We have already begun to see some lawsuits filed alleging that companies and their directors and officers and other executives and employees breached their duties to the company or violated securities laws in the context of Covid-19 exposures. Depending on a company’s circumstances, lawsuits alleging breaches of duties or misleading disclosures relating to COVID‑19 may allege the following claims and costs, all of which could implicate D&O insurance:

  • Government investigations, particularly those arising from a company’s activities in response to COVID-19 issues and its applying for government loans and grants.
  • Securities law claims and lawsuits arising out of COVID-19-related disclosure obligations and management issues.
  • Claims by creditors, shareholders, trustees, and other company stakeholders relating to possible insolvency or bankruptcy.
  • Fiduciary claims arising from the company’s decisions relating to employee benefit plans and employee stock option (ESOP) and pension plans.
  • False Claims Act and qui tam claims relating to federal and state funds received from various COVID-19 government programs.
  • Antitrust investigations and suits for alleged price-gouging and price-fixing through communications with competitors.
  • Cyber-related claims from shareholders or customers for alleged failure to comply with cybersecurity standards or breach notification laws in the event a security event, social engineering, or other fraud is perpetrated by hackers trying to exploit COVID-19-related vulnerabilities.

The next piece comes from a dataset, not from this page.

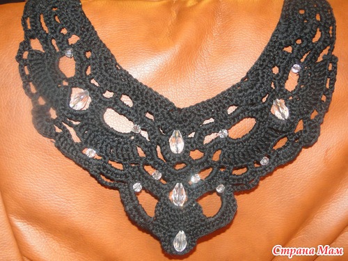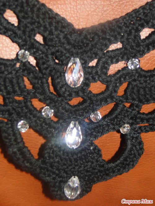Не переживайте - дневник и не собиралась закрывать)))Носить думаю как ожерелье, если декольте глубокое, и как воротник, когда вещь с небольшим вырезом "под горло")))а по краям 2 ленточки присобачила)))буду учиться завязывать красивый бантик)))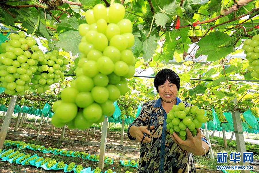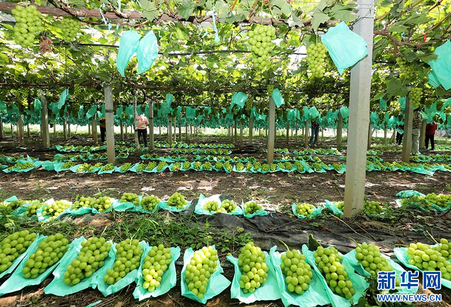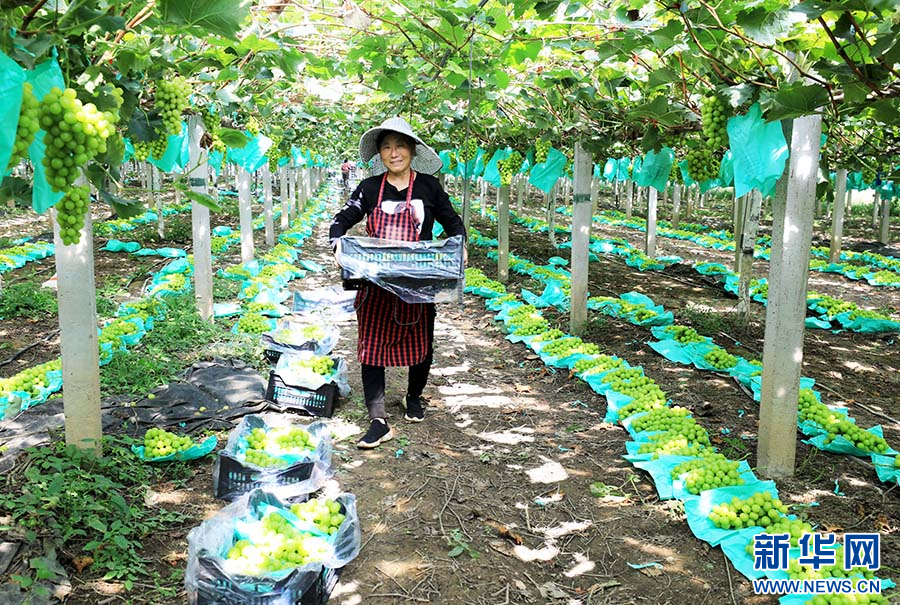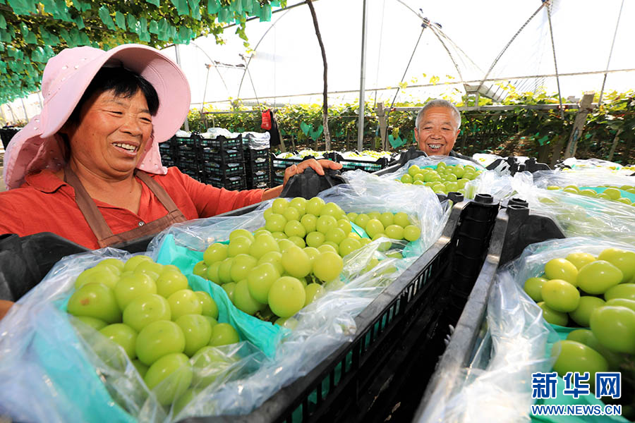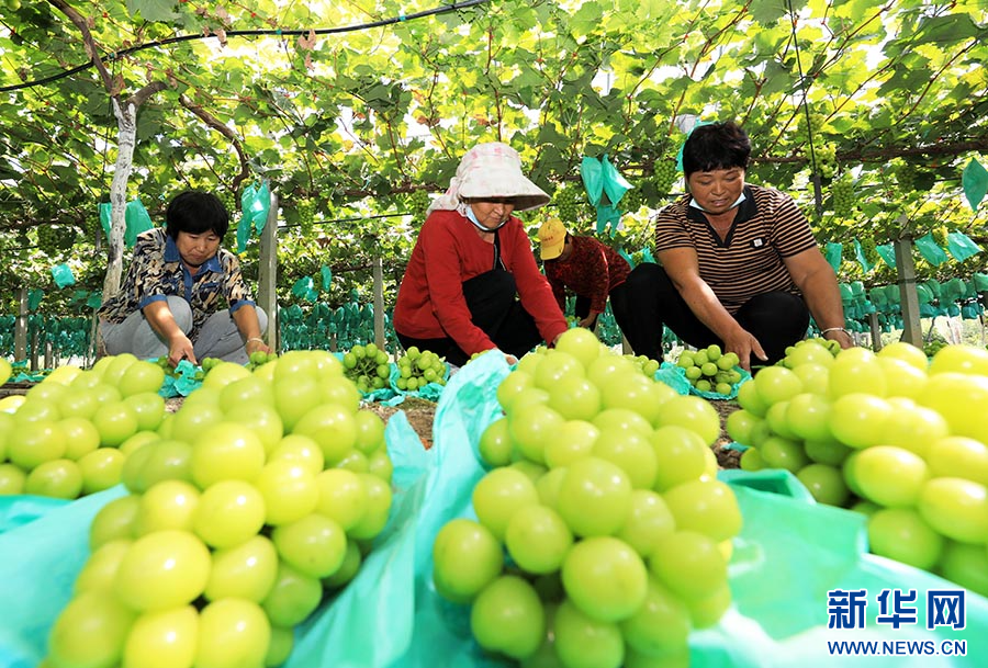 金秋时节,在安徽省淮北市杜集区南山村葡萄种植基地,一串串晶莹透亮的葡萄挂满枝头,村民正忙着采摘、整理、装箱,一派丰收忙碌景象。新华网发(李鑫 摄)

In addition, the COVID-19 pandemic presents unusual challenges for companies in the renewal of their D&O policies, as well as in the timing of notices they may be required to provide insurers. Each of these issues is discussed in greater detail below.

Government Investigations

Many D&O policies contain a coverage extension for expenses incurred to respond to government investigations, including subpoenas and requests for documents, among other things. In most D&O policies affording this coverage, the coverage is available only if an individual insured receives a formal request from the government or is the target of the investigation, regardless of whether the company also is named. This coverage typically is sublimited well below the general per-claim limits of the D&O policy.

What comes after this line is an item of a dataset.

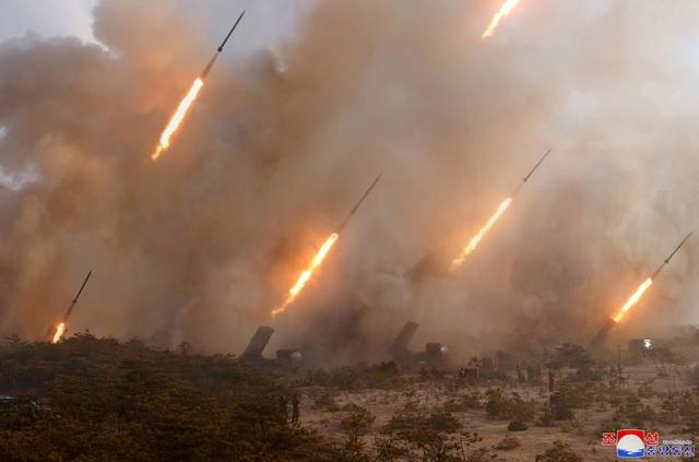 Photos released by KCNA showed troops firing a number of artillery guns, as well as missiles from a multiple-launch rocket system (MLRS) with four launching tubes.

As discussed below, both entities and individual insureds may face claims and allegations arising out of the unique circumstances of the COVID-19 crisis. Among the claims that could involve related governmental investigations are:

  • False Claims Act claims in connection with a company’s application for loans or other assistance under the recently enacted Coronavirus Aid, Relief, and Economic Securities (CARES) Act and other programs specifically designed to respond to the COVID-19 pandemic.
  • Antitrust and unfair trade practice claims arising out of alleged violations of price-gouging laws, price-fixing laws, and unfair competition through coordination with competitors.
  • Whistleblower claims relating to federal and state funds received from government programs.
  • Investigations by the US Securities and Exchange Commission (SEC) and its state counterparts into inadequate disclosure of a company’s financial situation and other circumstances arising out of COVID-19 stresses on a company.
  • Investigations by the SEC and the US Department of Justice (DOJ) into potential violations of the Foreign Corrupt Practices Act (FCPA), as certain industries become exposed to increased bribery risks resulting from the difficult economic landscape caused by COVID-19. These risks will be amplified because travel restrictions and mandatory quarantines geared toward curbing the spread of COVID-19 will result in postponed internal investigations and reduced efforts to prevent corporate misconduct and enforce compliance standards.
  • Investigations by other government entities regulating financial services companies, such as the Financial Industry Regulatory Authority (FINRA), Office of the Comptroller of the Currency (OCC), and similar agencies, investigating alleged unsafe or unsound business practices, claims of public fraud, or other breach of fiduciary duties by regulated entities and licensed individuals operating in sub-optimal conditions as a result of COVID-19.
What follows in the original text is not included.